If it happens that you need a way to unite or bind together the parts so that they keep their colors and you can move the midpoint by moving one single item without causing gaps, not several simultaneously selected nodes, you want something that Inkscape doesn't have. CAD software and advanced animation software have "constraints" which keep things together.

Another way is to use some geometric deformation and adjust it to get apparent midpoint movement. I must skip these subjects due missing advanced animation or pro level parametric CAD software and actual skills how to use them.

But one "move only single item" version is possible in elementary way also in entry level freeware CAD. It's "Move the top vertex of a 3D four side colored pyramide":

enter image description here

The pyramide is a 3D solid, it's not separate paths like the triangles in the Inkscape version. Top view makes it look planar:

enter image description here

  • Perhaps you want to use this answer to answer this question as well: Why does “join selected nodes” into a single node not work?
    – Ooker
    Jan 26 at 11:51
  • 1
    Programs which are based on Bezier curves do not have branching paths. Every node is an endpoint of one path or an intermediate point of one path.

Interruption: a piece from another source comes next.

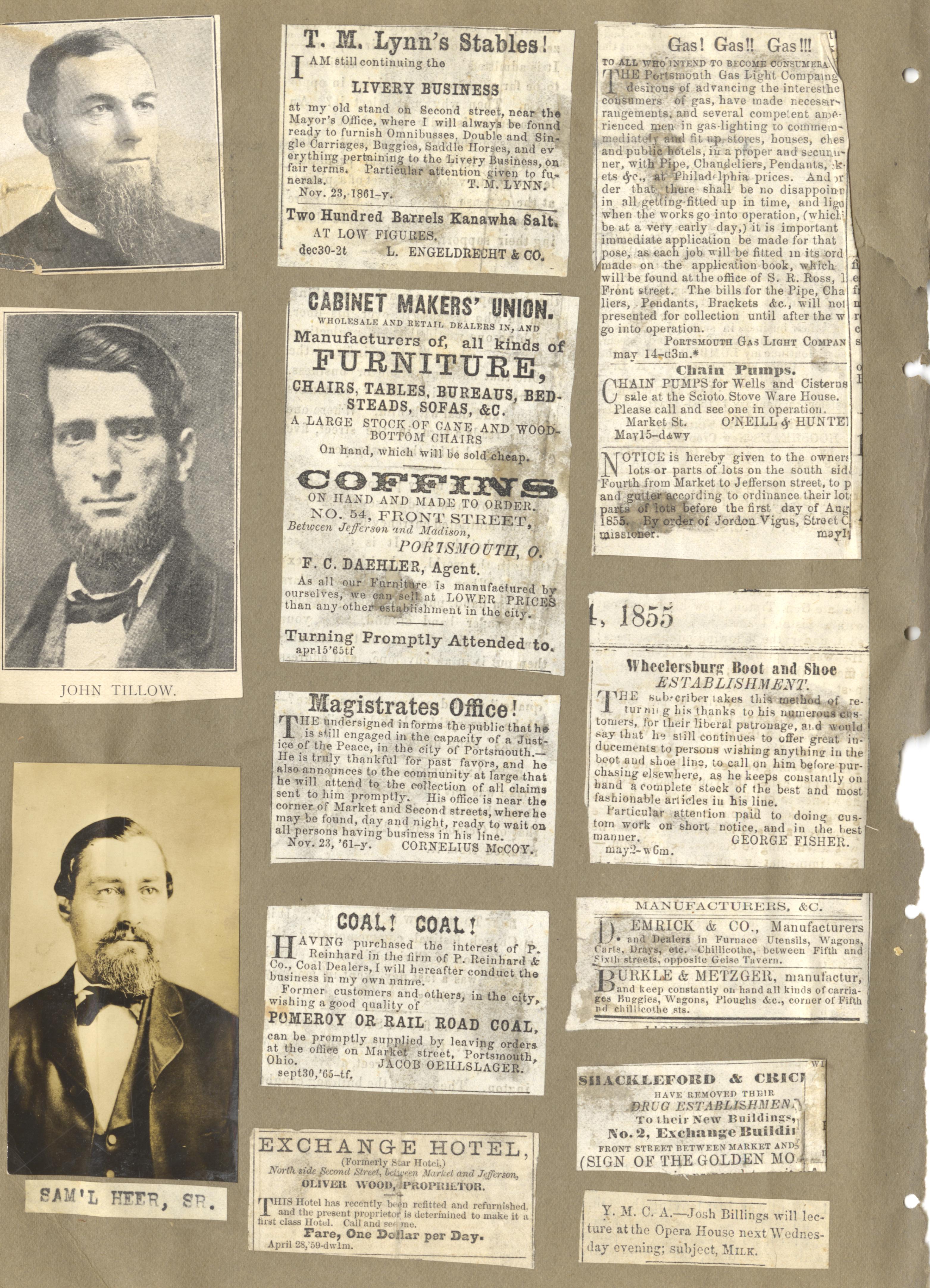 - Photo image of scanned scrapbook page. Pictured is John Tillow; Samuel Heer Sr.; Scioto County business ads

That'a said more than once in answers and comments. I inserted one alternative to my answer.
    – user287001
    Jan 26 at 12:02
  • @user287001 thats not 100% correct they could have. But the standard drawing formats, eps, svg and pdf do not support them. The standards are more concerned with drawing than having total modeling freedom. So it only implements things needed for drawing and not anything more. The end application can allow as much modeling as you want. But that would neccesitate a new format. Since most 2D drawing applications are direct modelers you dont get this (if they were indirect you would call them 2D modelers). This would lock you the user to the platform too.
    – joojaa
    Jan 27 at 6:01

Note for the future:

Inkscape 1.1 will have a 'Slice' Live path effect for this.